载体对药物的加载、体内靶向输送、环境刺激释放与缓释是解决诸多疾病治疗难题的关键环节，每个环节都与在不同环境下药物/载体之间相互作用及载体微结构变化密切相关。微量热法能够揭示分子间相互作用热力学性质并能敏感地探测载体的微结构转变。本项目主要是研究多层亲水壳胶束载体的构建及对药物加载的热力学。拟设计合成系列双亲葡聚糖、双亲树枝状寡聚丙三醇及氨基酸表面活性剂，以此构建各种多层亲水壳母体胶束，实现在极性壳区加载水溶或难溶性药物；用不同官能团的两亲小分子对母体胶束进行物理改性，增强载体对药物的识别功能。利用量热与光谱方法结合，研究多层亲水壳胶束载体形成与结构转化、药物与载体相互作用、载体稳定性及环境刺激响应。通过优化适合模型药物(Rutin，α-CT，CAT)加载的功能性胶束，总结多层亲水壳胶束构建及物理改性与药物性质的关系，为进一步拓展到对其他药物加载的研究提供基础热力学依据。

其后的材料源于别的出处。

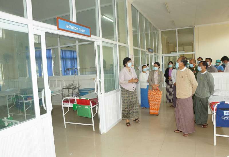 နေပြည်တော်ကောင်စီဥက္ကဋ္ဌ ဒေါက်တာမျိုးအောင်၊ နေပြည်တော်ကောင်စီဝင် ဗိုလ်မှူးကြီး မင်းနောင်နှင့် တာဝန်ရှိသူများသည် ယနေ့ နံနက်(၁၀)နာရီတွင် Coronavirus Disease 2019 (COVID-19) လတ်တလော အသက်ရှုလမ်းကြောင်းဆိုင်ရာရောဂါ တွေ့ရှိလာပါက ထိရောက်စွာကုသမှု ပေးနိုင်ရေးအတွက် နေပြည်တော် ခုတင်(၁၀၀၀)ပြည်သူ့ဆေးရုံကြီး၌ သီးခြားဆေး ကုသဆောင် ပြင်ဆင်ထားရှိမှုအား သွားရောက်စစ်ဆေးကြ သည်။
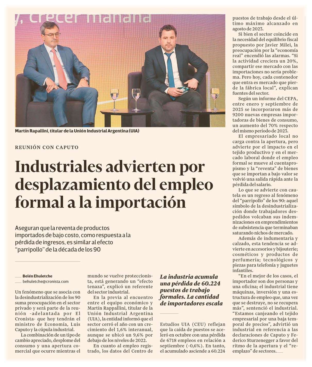 EL CRONISTA – Industriales advierten por desplazamiento del empleo formal a la importación
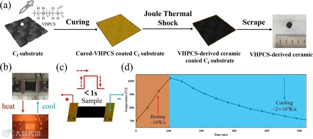 图1:1秒陶瓷化:焦耳热冲击装置与瞬时高温过程
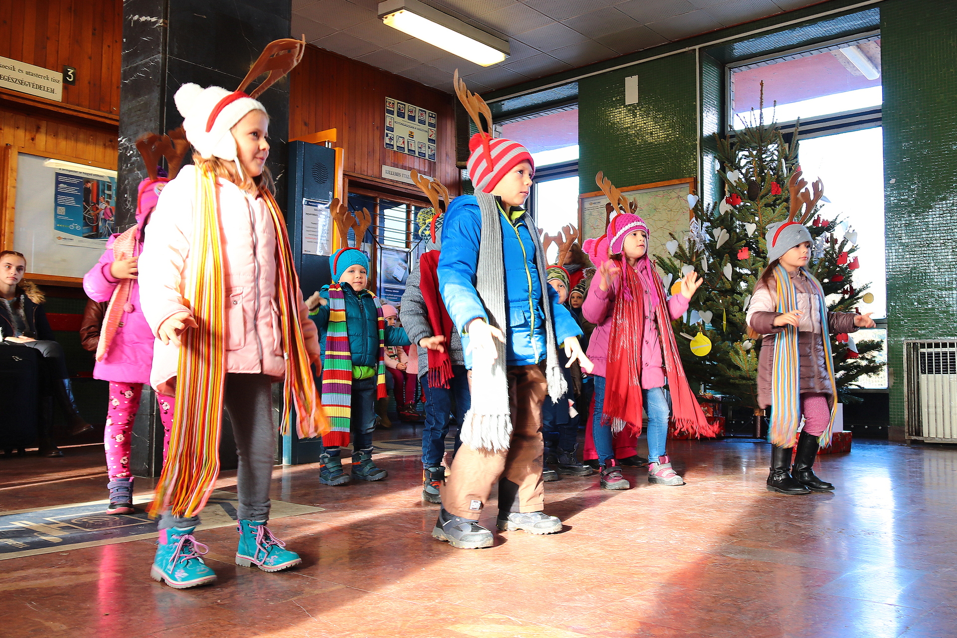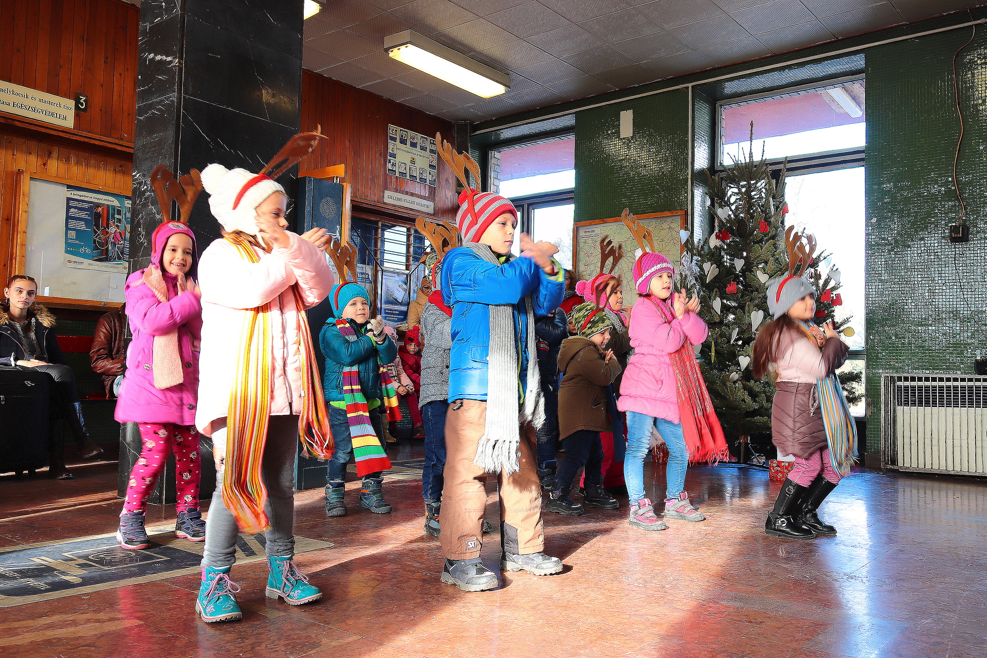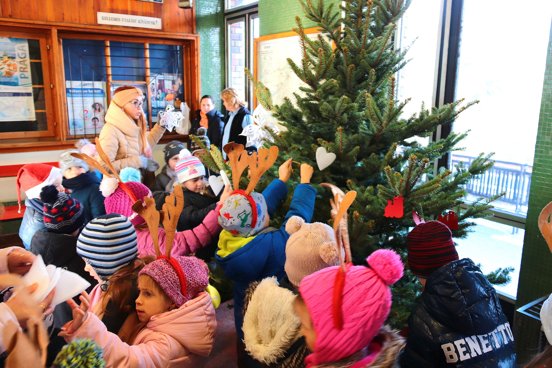 Akkora ünnepi hangulat sosem volt még a MÁV gyulai várótermében, mint december 14-én. Ezen a napon ugyanis a Béke sugárúti ovisok népesítették be a helységet, ahol előbb saját készítésű díszeikkel karácsonyfát varázsoltak az örökzöldből, majd a vonatra várakozók legnagyobb meglepetésére és örömére eljárták rénszarvastáncukat.

多层亲水壳胶束有丰富多样的功能性极性基团，能够大大增强与客体分子的相互作用，载体在体液内的载药输送过程中能有效地保护药物活性和减小药物的副作用，当胶束的极性壳与疏水核有同样的径向尺寸时，其极性壳有远大于疏水核的载药空间。由不同极性头基的两亲分子混杂能够构建并调控结构多样的多层亲水壳胶束，这很可能使其成为一类极具应用前景的新型药物载体。本项目针对不同的目标药物分子优化混合胶束的组成，通过选择极性官能团、调节电荷密度与分布及药物分子与亲水壳的相互作用得到了性能优异的多层亲水壳胶束。源于两性离子表面活性剂形成多层亲水壳胶束的理念，实现了通过共价交连、平衡反应及分子间弱相互作用的方法对极性基团为葡聚糖、树枝状聚甘油的双亲分子母体胶束极性层的改性，得到了具有不同功能的多层极性壳胶束载体。①对于具有不同分子量的葡聚糖烷基改性双亲分子胶束，用羧酸-苯硼酸双头分子（SA‒APBA）或双乙烯基分子（BVSM）交联得到单分子胶束；将SA‒APBA和BVSM双重连接的单分子胶束在酸性介质中分解其中的硼酸酯键，再与表没食子儿茶素作用，得到单分子胶束前药。②用两性离子表面活性剂对烷基树枝状聚甘油双亲分子胶束改性，得到了pH响应的Rutin口服药物；用偶氮苯基表面活性剂改性，得到了UV响应的载体。③通过SDS调控两性离子表面活性剂胶束的表面电荷，再加入萘基改性咪唑离子液体，结果诱导球形胶束溶液转化为蠕虫状胶束凝胶。本项目以客体模型药物很好地诠释了多层极性壳胶束作为功能性载体的意义。以热力学研究为主线，结合各种光谱、显微成像等多种技术，研究了这些多层亲水壳胶束微结构的变化和载药的热力学机理，获得了具有广泛意义的主-客体相互作用的热力学规律。按计划完成了预期研究目标，研究成果表明多层亲水壳胶束是优于单一极性壳胶束的新型载体，为靶向客体或其他与功能性加载和释放相关的领域提供了新的研究思路。